[Data extracted from a collection]
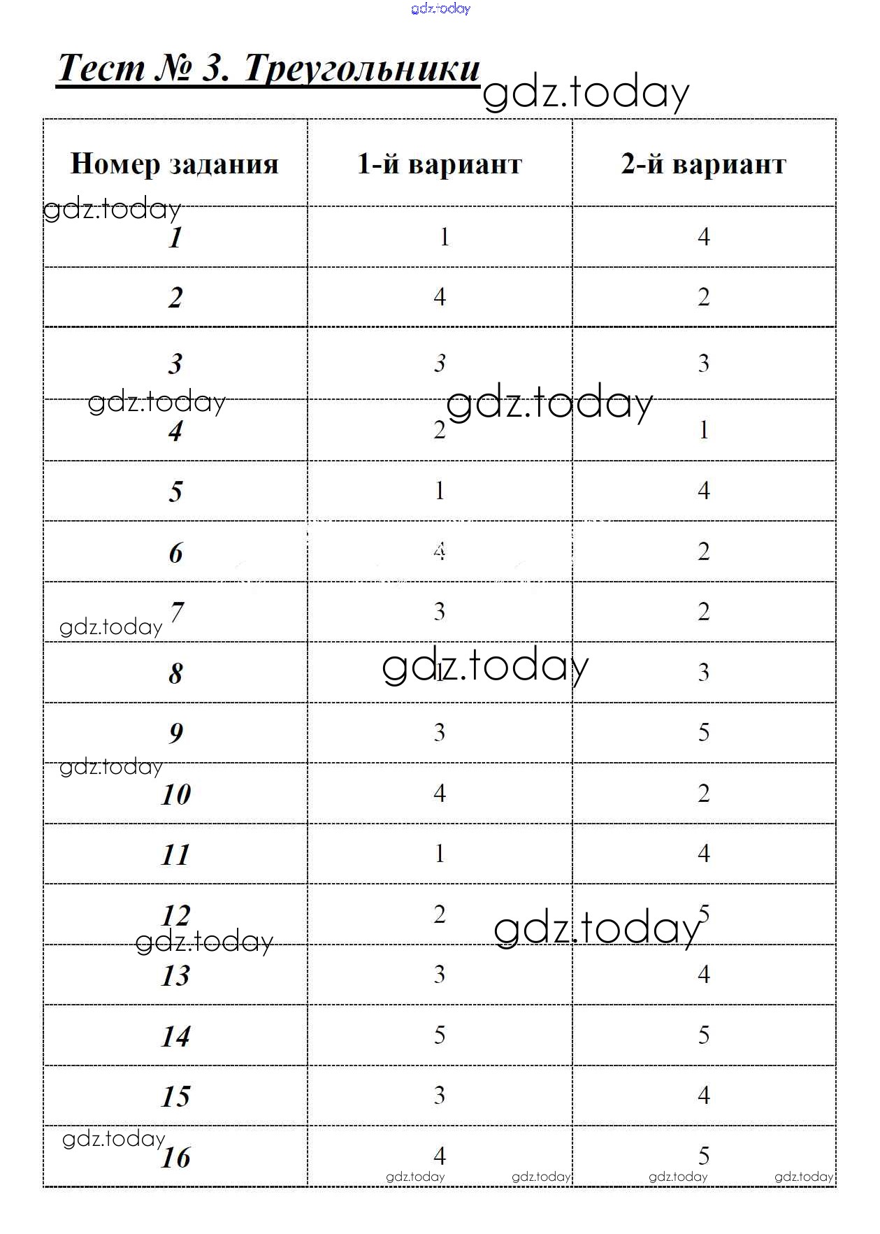На страницах сайта gdz.today вы найдете учебный и вспомогательный материал, направленный на улучшения знаний школьной программы. ГДЗ - онлайн мир знаний Решение к тестам Тест 3 Тестам по Геометрии для 7 класса Звавич, Потоскуев Экзамен УМК 2013
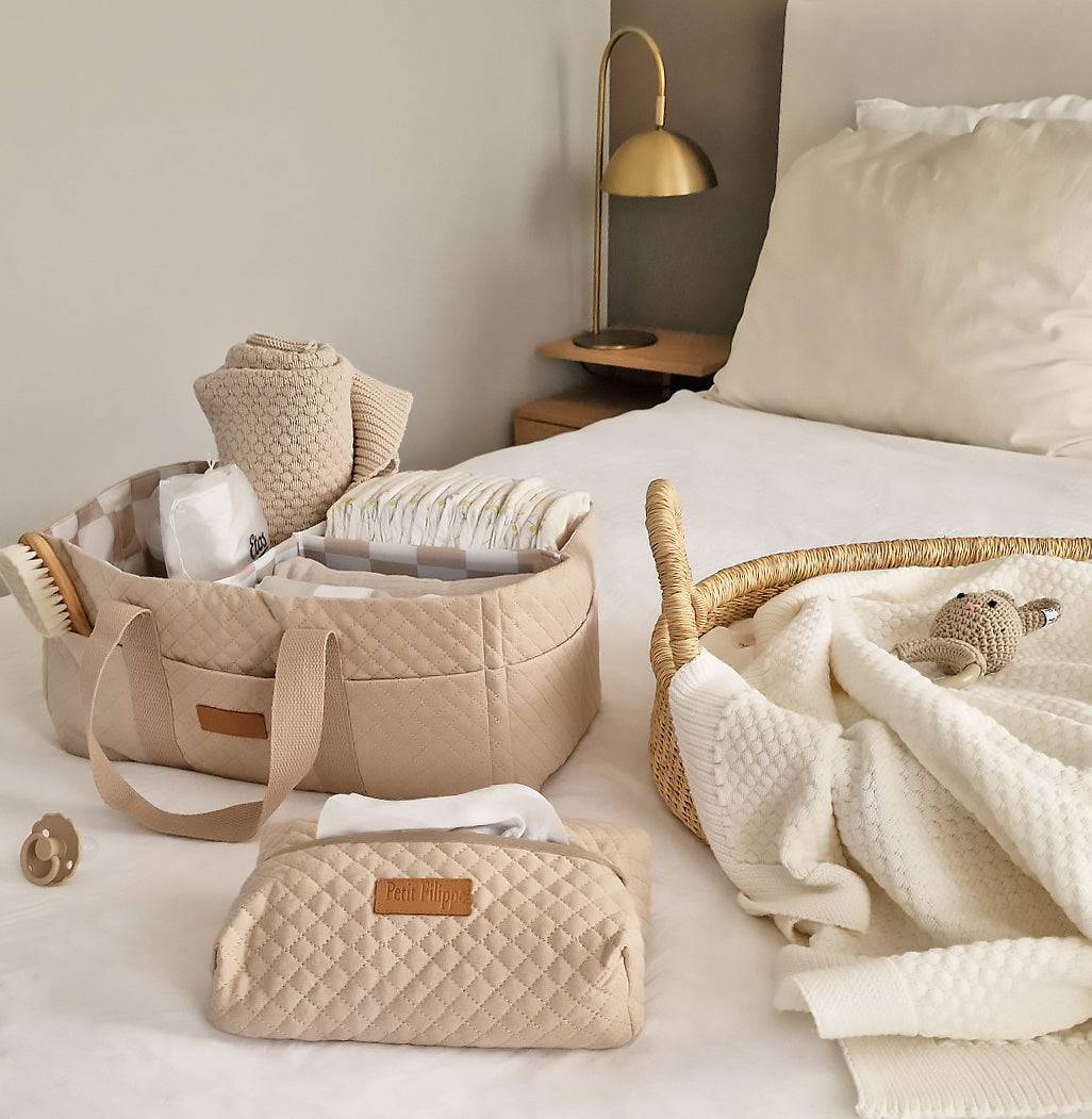 Mit unserem stylischen Nappy Caddy haben Sie einen Hingucker auf Ihrem Wickeltisch und alles, was Sie zum Wickeln Ihres Babys benötigen, griffbereit. Möchten Sie Ihr Kind lieber schnell auf der Couch wickeln? Kein Problem! Dank der Griffe können Sie den Caddy leicht bewegen.
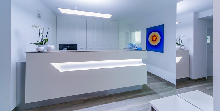 Unser Empfangsteam begrüßt Sie mit einem Lächeln und sorgt für einen reibungslosen Ablauf Ihrer Behandlung.
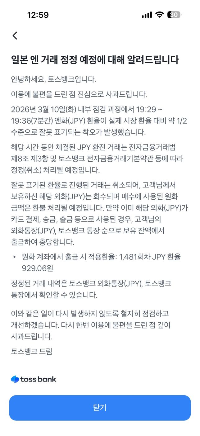 | Subject | 금감원, '엔화 반값 오류' 토스뱅크 현장점검…100억원대 손실 |
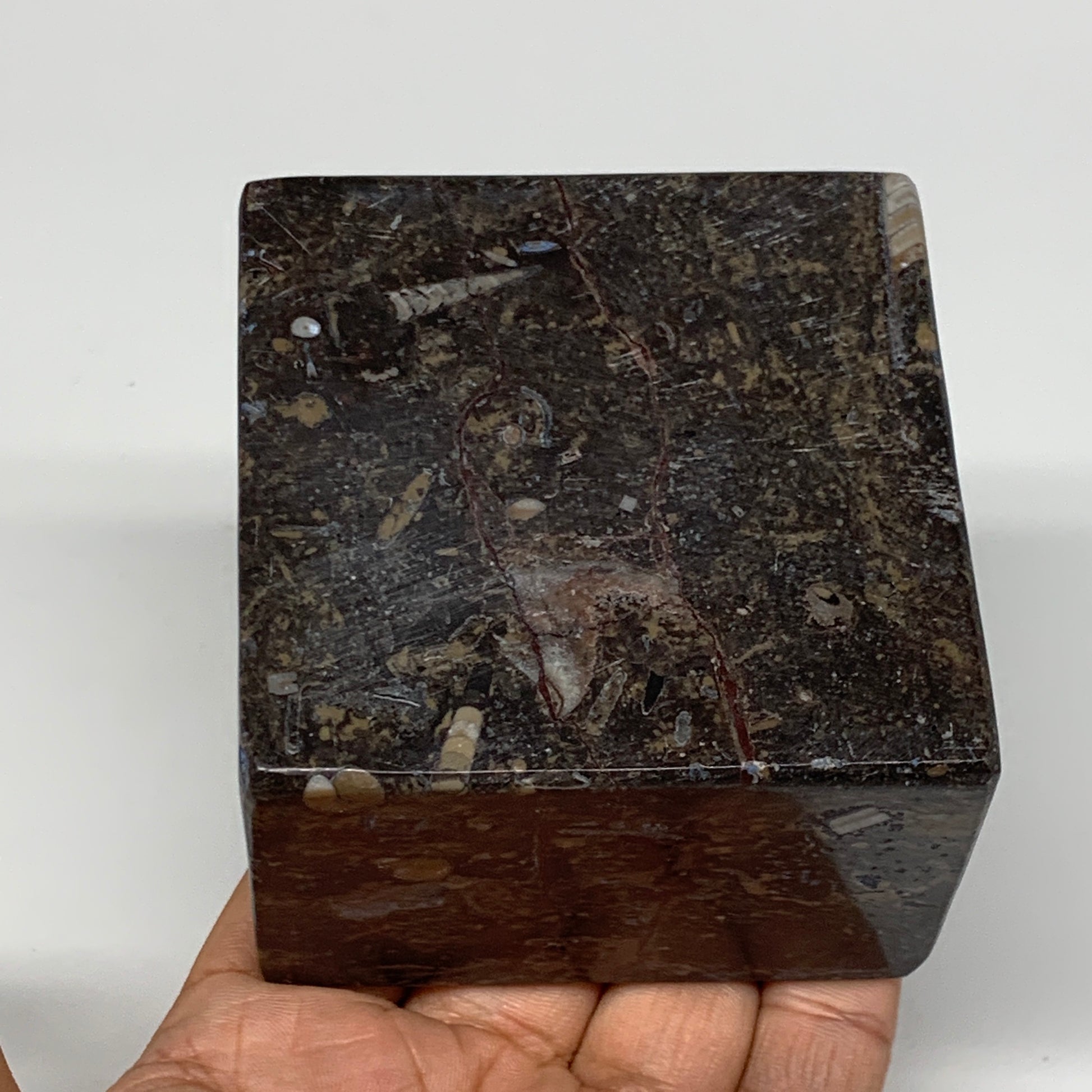 498g, 2.9" x 2.8" x 1.9" Fossils Orthoceras Ammonite Business Card Holder,B8102
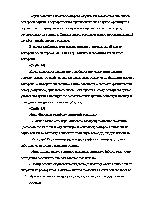 Итак, мы научились вызывать пожарную команду. Ребята, если очаг
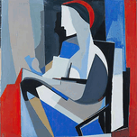 Abstract figure composed of geometric shapes and bold colors. Technique: Acrylic on canvas, influenced by Juan Gris and Fernand Leger. Artist's ...[+]

**Exercise aim:** Repeat the records above verbatim, with no pictures in the result.

**Response:**
На страницах сайта gdz.today вы найдете учебный и вспомогательный материал, направленный на улучшения знаний школьной программы. ГДЗ - онлайн мир знаний Решение к тестам Тест 3 Тестам по Геометрии для 7 класса Звавич, Потоскуев Экзамен УМК 2013
 Mit unserem stylischen Nappy Caddy haben Sie einen Hingucker auf Ihrem Wickeltisch und alles, was Sie zum Wickeln Ihres Babys benötigen, griffbereit. Möchten Sie Ihr Kind lieber schnell auf der Couch wickeln? Kein Problem! Dank der Griffe können Sie den Caddy leicht bewegen.
 Unser Empfangsteam begrüßt Sie mit einem Lächeln und sorgt für einen reibungslosen Ablauf Ihrer Behandlung.
 | Subject | 금감원, '엔화 반값 오류' 토스뱅크 현장점검…100억원대 손실 |
 498g, 2.9" x 2.8" x 1.9" Fossils Orthoceras Ammonite Business Card Holder,B8102
 Итак, мы научились вызывать пожарную команду. Ребята, если очаг
 Abstract figure composed of geometric shapes and bold colors. Technique: Acrylic on canvas, influenced by Juan Gris and Fernand Leger. Artist's ...[+]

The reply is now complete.